LSTNet [38], A deep learning framework named Long- and Short-term Time-series network (LSTNet) was proposed, combining CNN and RNN to capture both long- and short-term patterns in multivariate time series, optimizing performance through conventional autoregressive models. On real complex datasets, LSTNet showed significant performance improvements over other advanced methods.
ST-GCN [39], The Spatio-Temporal Graph Convolutional Network (STGCN) method was innovatively used to tackle the time series prediction challenge of urban traffic flow, constructing a fully convolutional structure model on graphs for faster training speeds and fewer parameters. By modeling multi-scale traffic networks, STGCN effectively captured comprehensive spatio-temporal correlations.
Cola-GNN [40], Innovative experiments using the Cola-GNN model for long-term forecasting of influenza-like illnesses demonstrated the model’s strong predictive capability and significant advantages in handling spatio-temporal dependencies.
We evaluated each model mentioned above under both short-term and long-term forecast weeks settings. The experimental results and comparative analyses for three groups of influenza datasets and two groups of COVID-19 datasets are presented in Tables 2 and 3, respectively. The general trend is that as the level of forecasting increases, the problem becomes more challenging, leading to a decrease in forecasting accuracy. The RMSE differences between datasets are significant, due to the varying scales and variances of the datasets.
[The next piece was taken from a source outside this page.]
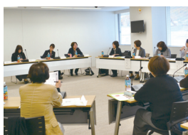
女性市議との意見交換会

◆ 女性会 当所会員である企業の女性役員や個人企業の経営に携わる女性の皆さんにより組織されています。経営に関する講演会やセミナーのほか、地域への貢献として高齢者福祉施設へタオルの寄贈を行う事業などを実施しています。

In Table 2, the vertical comparison of forecasting accuracy (RMSE) and correlation (PCC) between forecasted and actual values for all mentioned models across three data groups for forecast lengths of 2, 3, 5, 10, 15 weeks, demonstrates our model’s excellent performance on both evaluation metrics. For the ‘Japan-Prefectures’ and ‘US-States’ data groups, our model generally achieved the lowest RMSE values. Overall, our model had the best RMSE values in 4 outcomes: ‘Japan-Prefectures’ at 2 and 10 weeks, ‘US-States’ at 2 and 3 weeks, outperforming the best results of the remaining models by 2.7%, 1.8%, 2.1%, and 1.7% in forecasting accuracy, respectively. Moreover, in 5 out of 15 RMSE values, our model achieved the second-best results. In terms of PCC, our model also showed strong performance, maintaining high scores in different steps for ‘Japan-Prefectures’, ‘US-Regions’, and ‘US-States’, indicating that our model’s forecasted trends are highly consistent with actual values. The model achieved the best PCC values in 5 outcomes: ‘Japan-Prefectures’ at 2, 3, and 10 weeks, ‘US-States’ at 2 and 15 weeks, surpassing the best results of other models by 1.8%, 1.8%, 1.3%, 0.8%, and 0.4% in accuracy, respectively, with six other datasets achieving the second-best among all models. Although our model was not always the best in all indicators and forecast periods, its results were generally within the range of better performance. Compared to other models, the predictive performance improvements brought by our model were significant in some cases, demonstrating its versatility and stability.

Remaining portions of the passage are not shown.